Tenenbaum J
Clin Invest Med. 1987 May;10(3):246-50.
Non-steroidal anti-inflammatory drugs are a mainstay of treatment of the inflammatory arthritides. Unfortunately, they are often associated with dyspepsia, and this troublesome side-effect is a limitation to their chronic use by many patients. The use of enteric-coated preparations has improved the ability of this large group of patients to use these drugs. The appearance of suppository preparations has further improved tolerability of these medications. Though dyspepsia is a common adverse effect, there is little correlation between this side-effect and the prevalence of relevant gastrointestinal bleeding in practice. The latter is an uncommon event, but is of particular concern in the elderly. The introduction of concomitant use of a number of gastroenterologic medications has improved the rheumatologist's ability to give non-steroidal anti-inflammatory drugs to these patients. Despite this, no combination has been proven to be absolutely safe. Cytoprotection by a number of gastroenterologic preparations offers a means of avoiding, or decreasing, troublesome gastritis, and reducing the risk of relevant bleeding. Non-steroidal anti-inflammatory drugs must be used in this (elderly) population with caution, and prospective studies are needed to confirm the role of potential cytoprotective therapy in clinical practice.

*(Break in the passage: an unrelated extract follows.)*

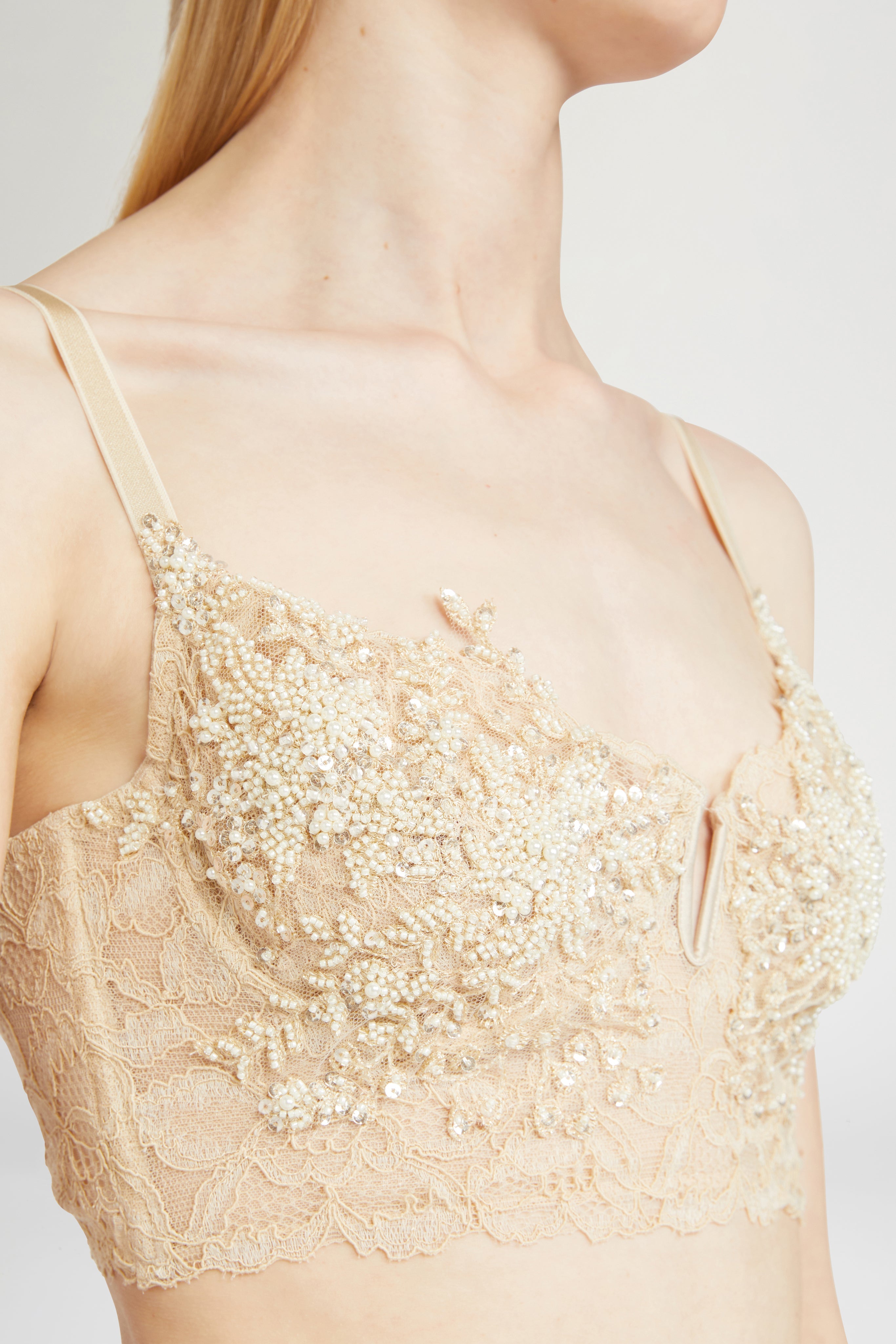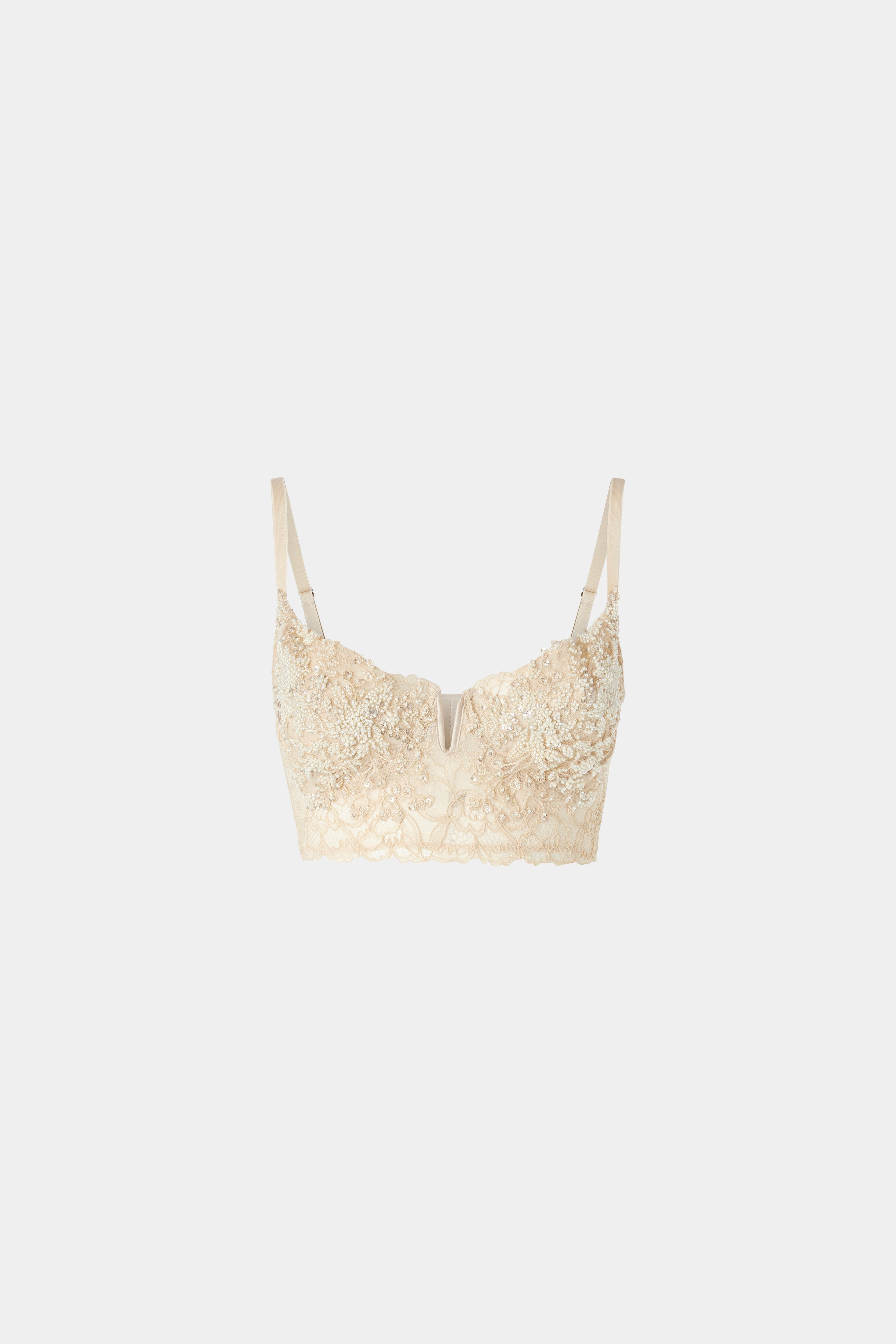 Delicate bralette in ivory lace, richly embellished with beads and sequins for a refined, luminous effect. Features adjustable straps and a small front cut-out for an elegant, feminine touch.
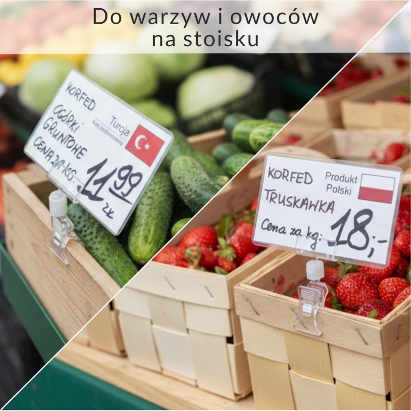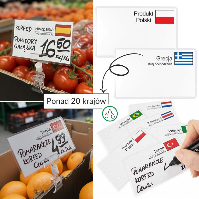 Zadbaj o profesjonalną ekspozycję towarów i pełną informację dla klienta dzięki naszym etykietom cenowym z flagami krajów. Wykonane z wysokiej jakości kartonu i zabezpieczone laminatem, stanowią idealne rozwiązanie dla sklepów spożywczych, warzywniaków oraz punktów gastronomicznych, gdzie liczy się estetyka i trwałość.

非甾体抗炎药是治疗炎性关节炎的主要药物。不幸的是,它们常常与消化不良相关,而这种令人困扰的副作用限制了许多患者长期使用这些药物。肠溶制剂的使用提高了这类大量患者使用这些药物的能力。栓剂制剂的出现进一步提高了这些药物的耐受性。虽然消化不良是常见的不良反应,但在实际中这种副作用与相关胃肠道出血的发生率之间几乎没有关联。后者是一种罕见事件,但在老年人中尤其令人担忧。多种胃肠病药物联合使用的引入提高了风湿病学家给这些患者使用非甾体抗炎药的能力。尽管如此,尚无任何联合用药被证明是绝对安全的。多种胃肠病制剂的细胞保护作用提供了一种避免或减轻令人困扰的胃炎以及降低相关出血风险的方法。在(老年)人群中必须谨慎使用非甾体抗炎药,并且需要进行前瞻性研究以证实潜在的细胞保护疗法在临床实践中的作用。